┌─ Working data

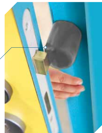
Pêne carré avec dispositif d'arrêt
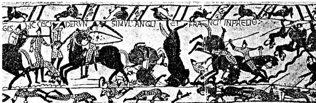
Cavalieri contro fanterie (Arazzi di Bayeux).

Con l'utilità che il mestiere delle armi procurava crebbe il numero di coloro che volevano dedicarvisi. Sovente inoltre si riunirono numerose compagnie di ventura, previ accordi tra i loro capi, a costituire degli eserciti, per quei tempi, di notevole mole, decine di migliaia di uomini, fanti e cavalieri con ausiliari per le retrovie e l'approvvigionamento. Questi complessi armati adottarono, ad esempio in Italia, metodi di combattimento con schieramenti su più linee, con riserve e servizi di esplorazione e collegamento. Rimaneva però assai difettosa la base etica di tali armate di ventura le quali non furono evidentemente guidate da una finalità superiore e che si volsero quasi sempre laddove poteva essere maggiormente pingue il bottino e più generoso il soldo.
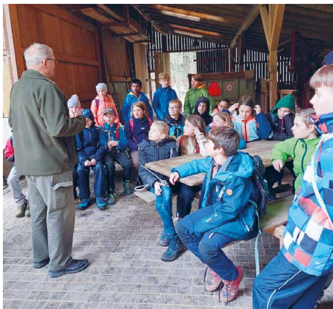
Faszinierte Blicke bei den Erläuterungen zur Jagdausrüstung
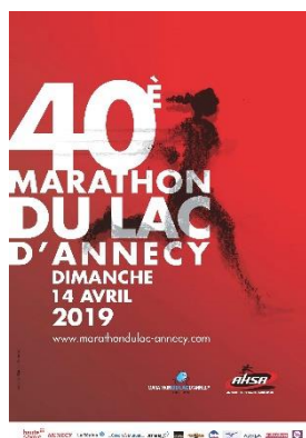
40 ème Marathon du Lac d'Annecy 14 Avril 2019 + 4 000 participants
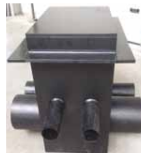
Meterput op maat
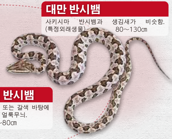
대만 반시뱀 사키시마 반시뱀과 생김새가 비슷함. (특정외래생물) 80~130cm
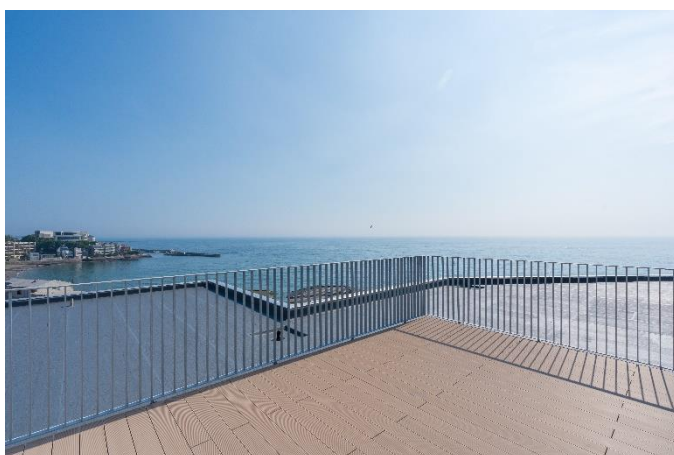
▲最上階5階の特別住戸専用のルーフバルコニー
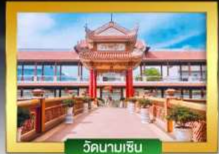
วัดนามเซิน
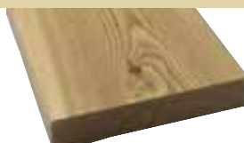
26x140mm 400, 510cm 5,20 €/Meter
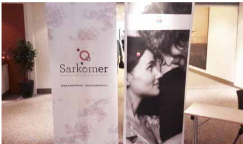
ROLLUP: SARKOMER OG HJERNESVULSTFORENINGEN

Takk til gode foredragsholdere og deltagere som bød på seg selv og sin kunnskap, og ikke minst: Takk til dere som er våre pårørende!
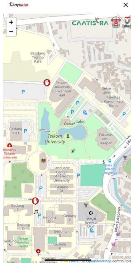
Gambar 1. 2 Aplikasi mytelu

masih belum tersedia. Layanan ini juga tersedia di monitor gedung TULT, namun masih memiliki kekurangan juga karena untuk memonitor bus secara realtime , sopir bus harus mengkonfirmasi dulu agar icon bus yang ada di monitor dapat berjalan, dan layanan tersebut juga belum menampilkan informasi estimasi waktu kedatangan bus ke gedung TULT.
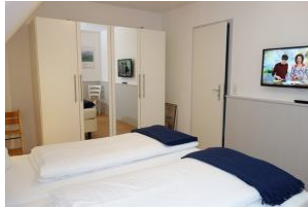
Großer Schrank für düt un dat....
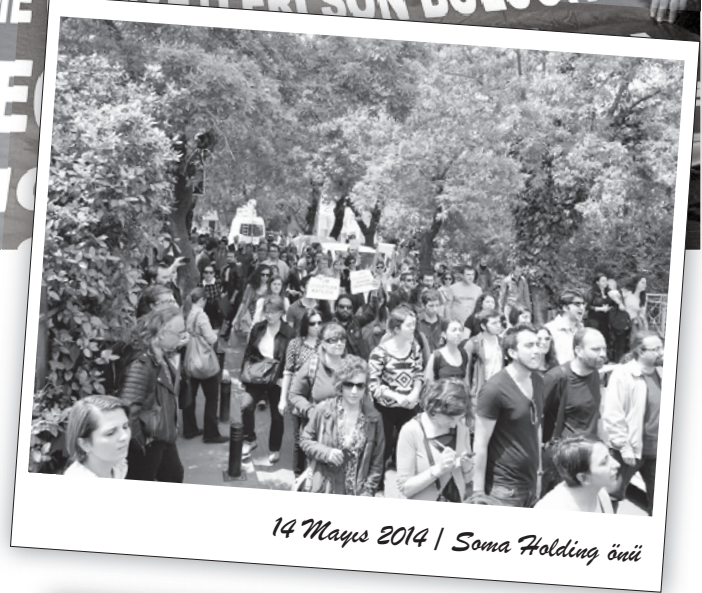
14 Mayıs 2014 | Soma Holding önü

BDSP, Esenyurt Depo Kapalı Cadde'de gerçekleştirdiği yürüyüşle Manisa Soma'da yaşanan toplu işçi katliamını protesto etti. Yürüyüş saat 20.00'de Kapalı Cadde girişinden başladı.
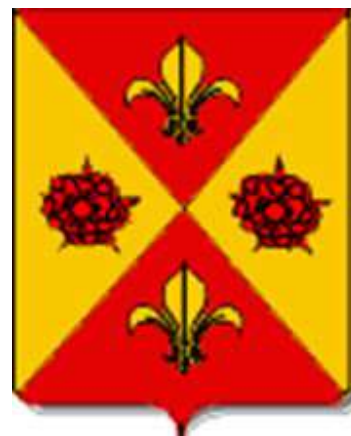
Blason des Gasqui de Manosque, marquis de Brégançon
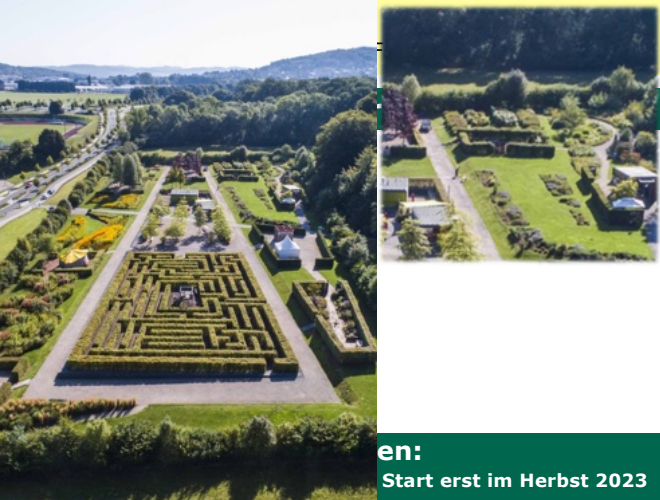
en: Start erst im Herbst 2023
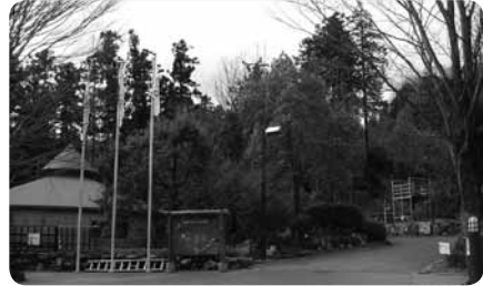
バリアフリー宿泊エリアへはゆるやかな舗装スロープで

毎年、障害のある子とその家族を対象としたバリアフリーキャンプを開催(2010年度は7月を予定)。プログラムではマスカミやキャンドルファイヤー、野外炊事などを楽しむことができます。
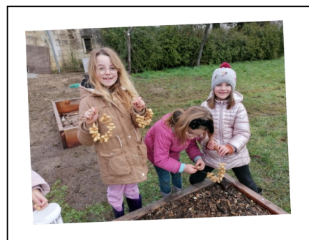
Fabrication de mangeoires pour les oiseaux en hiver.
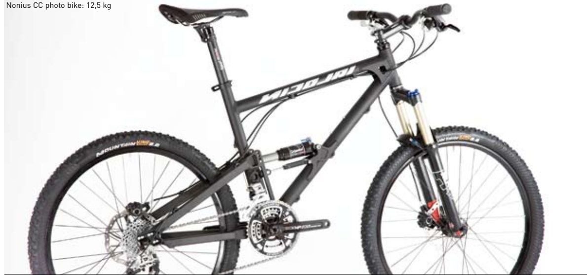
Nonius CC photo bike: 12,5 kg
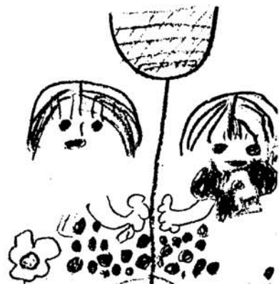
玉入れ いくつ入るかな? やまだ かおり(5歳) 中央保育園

└─
┌─ Working data

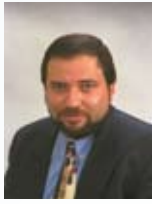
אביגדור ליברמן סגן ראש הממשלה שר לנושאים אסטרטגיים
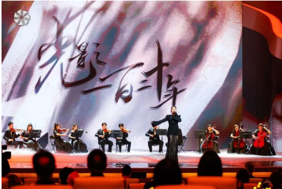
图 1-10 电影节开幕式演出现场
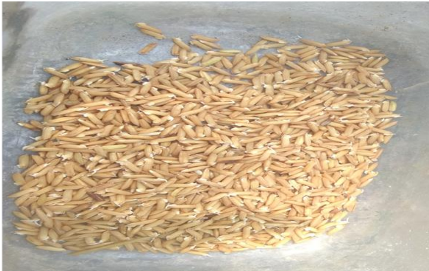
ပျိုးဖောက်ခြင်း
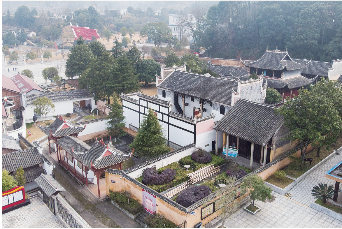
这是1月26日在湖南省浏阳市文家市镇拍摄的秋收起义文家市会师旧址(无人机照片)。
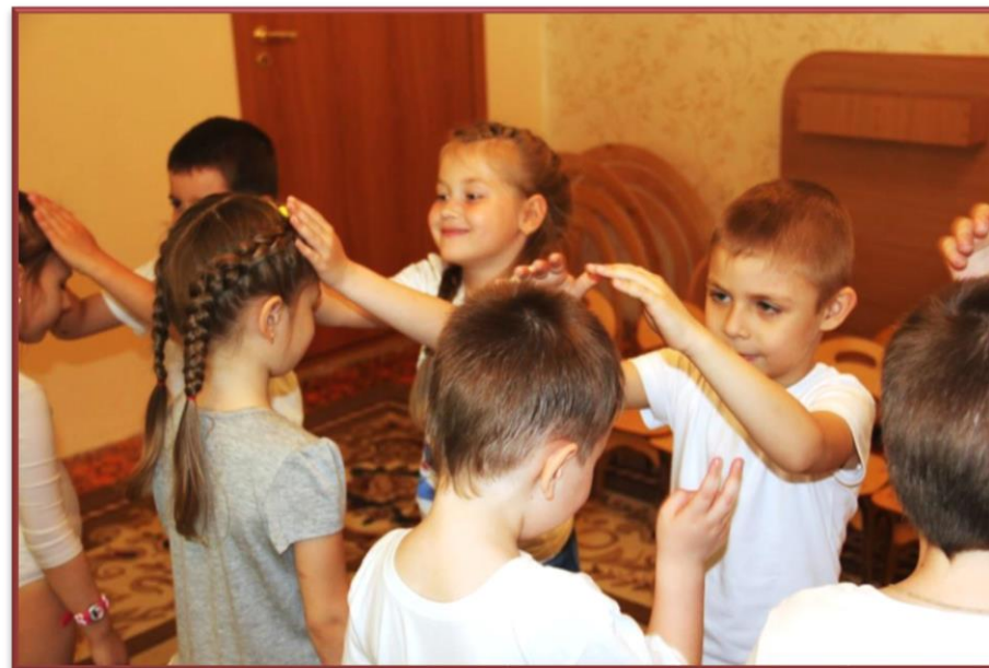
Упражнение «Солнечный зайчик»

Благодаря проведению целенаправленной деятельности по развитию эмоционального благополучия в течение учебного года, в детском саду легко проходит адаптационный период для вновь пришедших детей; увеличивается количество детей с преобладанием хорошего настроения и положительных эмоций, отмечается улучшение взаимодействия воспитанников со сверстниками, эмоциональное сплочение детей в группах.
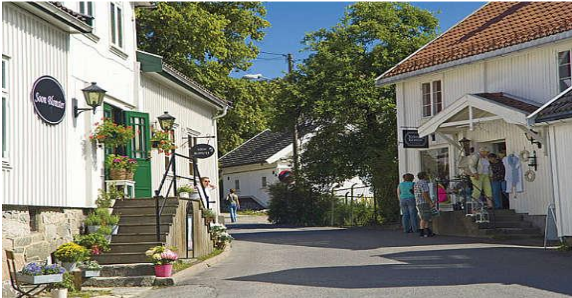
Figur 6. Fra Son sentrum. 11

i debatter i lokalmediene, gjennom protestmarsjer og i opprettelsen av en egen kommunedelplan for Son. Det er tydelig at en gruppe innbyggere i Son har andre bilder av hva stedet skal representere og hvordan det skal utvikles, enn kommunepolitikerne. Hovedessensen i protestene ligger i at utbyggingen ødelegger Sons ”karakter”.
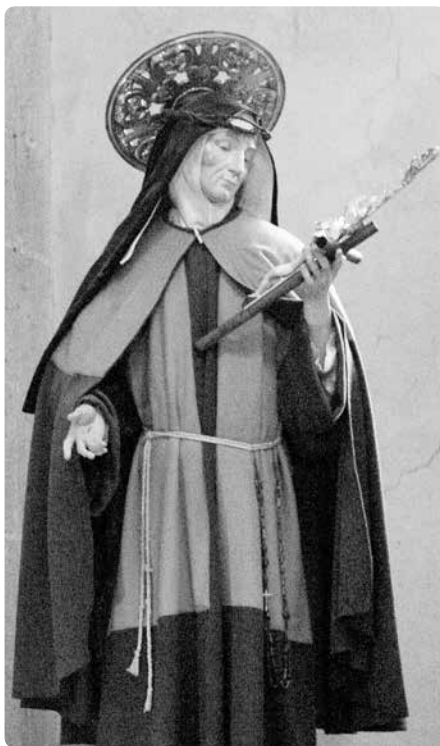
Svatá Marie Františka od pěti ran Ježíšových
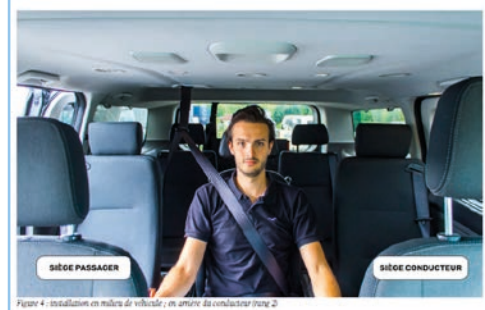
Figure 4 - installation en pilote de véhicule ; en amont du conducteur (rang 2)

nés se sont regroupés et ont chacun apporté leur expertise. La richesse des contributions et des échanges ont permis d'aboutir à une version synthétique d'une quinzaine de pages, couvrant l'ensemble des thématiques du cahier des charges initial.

└─

Using the data above, return each line that includes the word "Soma".

14 Mayıs 2014 | Soma Holding önü
BDSP, Esenyurt Depo Kapalı Cadde'de gerçekleştirdiği yürüyüşle Manisa Soma'da yaşanan toplu işçi katliamını protesto etti. Yürüyüş saat 20.00'de Kapalı Cadde girişinden başladı.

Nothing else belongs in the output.